SOURCE MATERIAL:
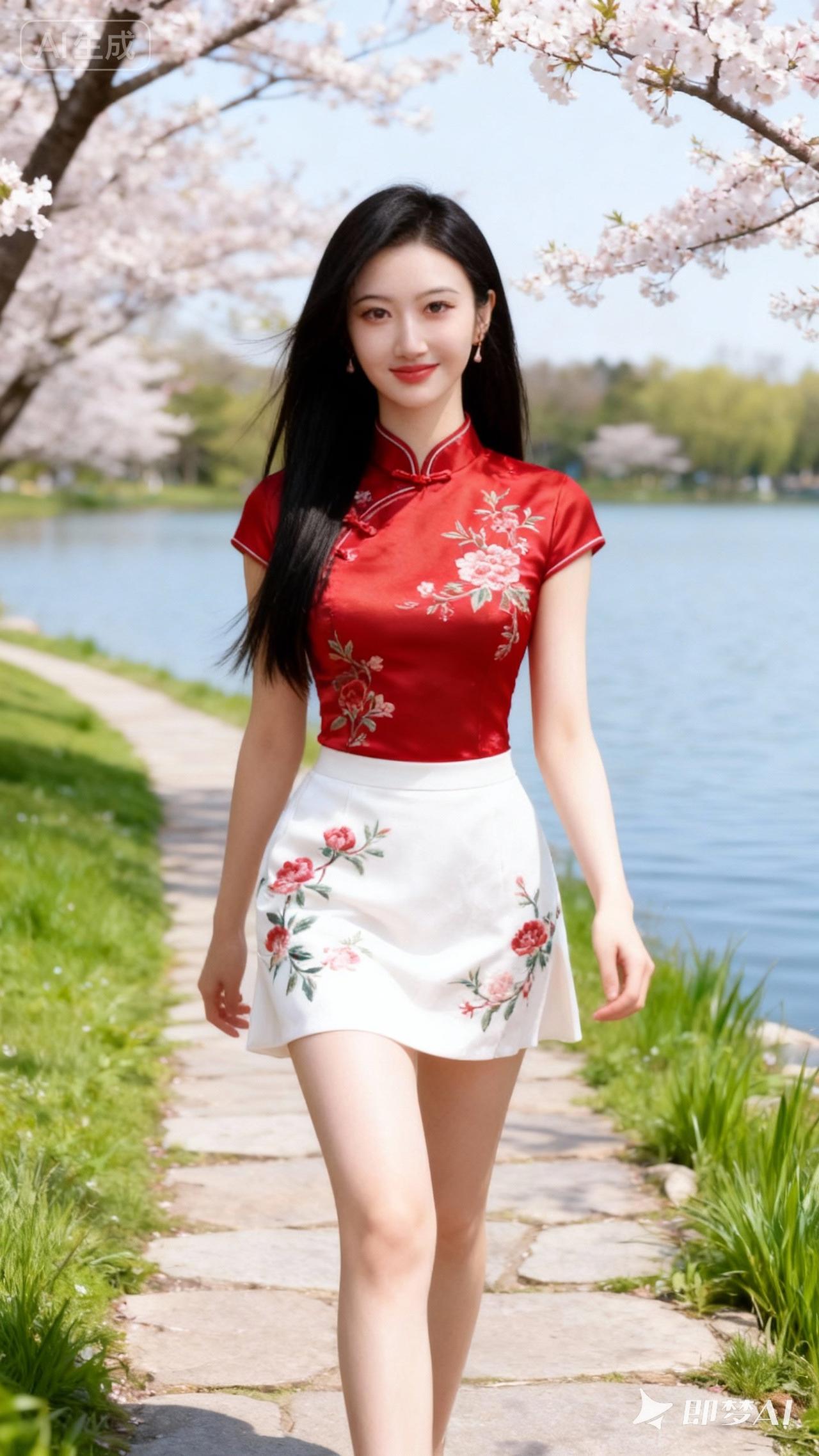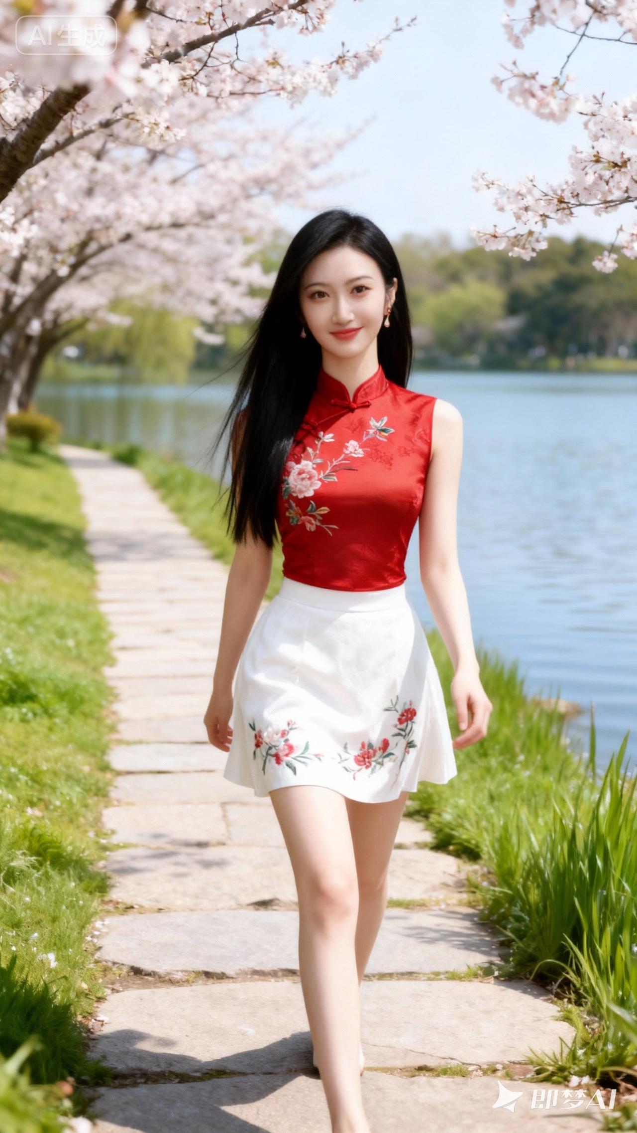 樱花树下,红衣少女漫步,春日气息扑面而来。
==
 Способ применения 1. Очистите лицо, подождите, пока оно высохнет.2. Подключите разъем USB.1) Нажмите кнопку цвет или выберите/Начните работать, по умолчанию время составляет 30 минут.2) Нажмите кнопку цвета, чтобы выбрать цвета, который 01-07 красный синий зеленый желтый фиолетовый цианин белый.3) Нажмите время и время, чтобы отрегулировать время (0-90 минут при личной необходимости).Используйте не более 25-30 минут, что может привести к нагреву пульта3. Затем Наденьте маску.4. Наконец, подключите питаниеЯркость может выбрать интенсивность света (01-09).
--
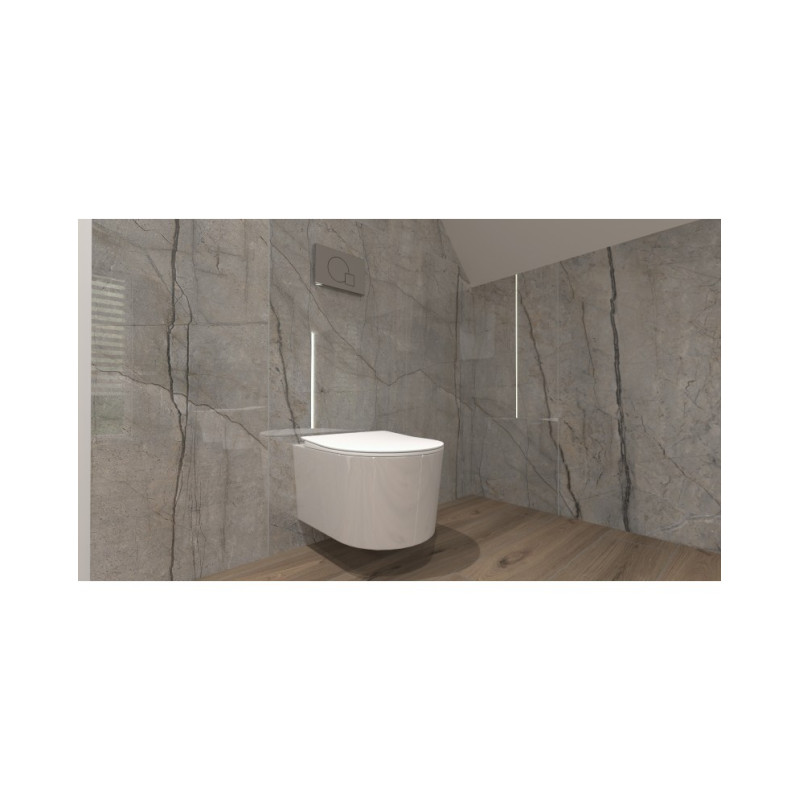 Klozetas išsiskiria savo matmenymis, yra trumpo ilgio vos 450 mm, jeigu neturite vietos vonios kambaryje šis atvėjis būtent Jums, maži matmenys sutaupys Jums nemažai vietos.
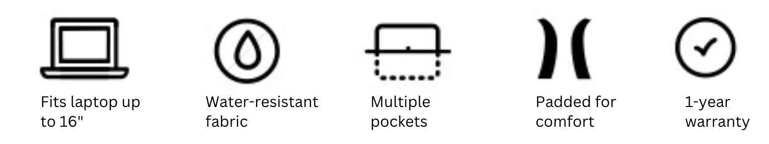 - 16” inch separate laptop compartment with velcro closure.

PROBLEM REQUIREMENTS:
Lines wanted from the entries above: the one with "Klozetas išsiskiria savo", the one with "with velcro closure.", and all lines between. Please copy them exactly, without the pictures and without anything else.

ANSWER FOR THE TASK:
 Klozetas išsiskiria savo matmenymis, yra trumpo ilgio vos 450 mm, jeigu neturite vietos vonios kambaryje šis atvėjis būtent Jums, maži matmenys sutaupys Jums nemažai vietos.
 - 16” inch separate laptop compartment with velcro closure.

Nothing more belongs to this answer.